Recombinant respiratory syncytial virus F protein expression is hindered by inefficient nuclear export and mRNA processing.

作者信息

Huang Kelly, Lawlor Heather, Tang Roderick, MacGill Randall S, Ulbrandt Nancy D, Wu Herren

机构信息

MedImmune, One MedImmune Way, Gaithersburg, MD 20878, USA.

出版信息

Virus Genes. 2010 Apr;40(2):212-21. doi: 10.1007/s11262-010-0449-8. Epub 2010 Jan 29.

Abstract

Studies of the fusion activity of respiratory syncytial virus (RSV) F protein are significantly hindered by low recombinant expression levels. While infection produces F protein levels detectable by western blot, recombinant expression produces undetectable to low levels of F protein. Identifying the obstacles that hinder recombinant F protein expression may lead to improved expression and facilitate the study of F protein function. We hypothesized that nuclear localization and/or inefficient RNA polymerase II-mediated transcription contribute to poor recombinant F protein expression.

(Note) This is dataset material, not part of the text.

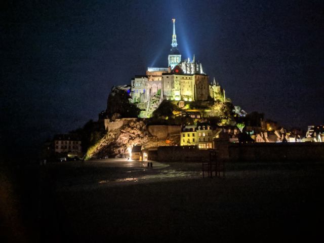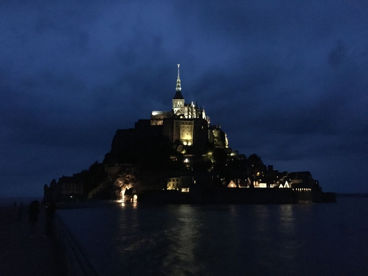 やはり夜のモン・サン・ミッシェルはきれいでおすすめです。また、周囲に明かりがほぼないため、星がかなりきれいにみえました。日本で星で有名な場所もいくつかいきましたが、それに匹敵あるいは凌駕するくらいの星で、天気がよければ星も期待できます。

This study shows a combination of stalled nuclear export, premature polyadenylation, and low mRNA abundance all contribute to low recombinant F protein expression levels. In addition, this study provides an expression optimization strategy that results in greater F protein expression levels than observed by codon-optimization of the F protein gene, which will be useful for future studies of F protein function.

摘要

呼吸道合胞病毒(RSV)F蛋白融合活性的研究因重组表达水平低而受到显著阻碍。虽然感染产生的F蛋白水平可通过蛋白质免疫印迹法检测到,但重组表达产生的F蛋白水平却检测不到或很低。识别阻碍重组F蛋白表达的障碍可能会提高表达水平并促进对F蛋白功能的研究。我们推测核定位和/或RNA聚合酶II介导的转录效率低下导致重组F蛋白表达不佳。本研究表明,停滞的核输出、过早的聚腺苷酸化和低mRNA丰度共同导致重组F蛋白表达水平低下。此外,本研究提供了一种表达优化策略,该策略所产生的F蛋白表达水平高于对F蛋白基因进行密码子优化所观察到的水平,这将有助于未来对F蛋白功能的研究。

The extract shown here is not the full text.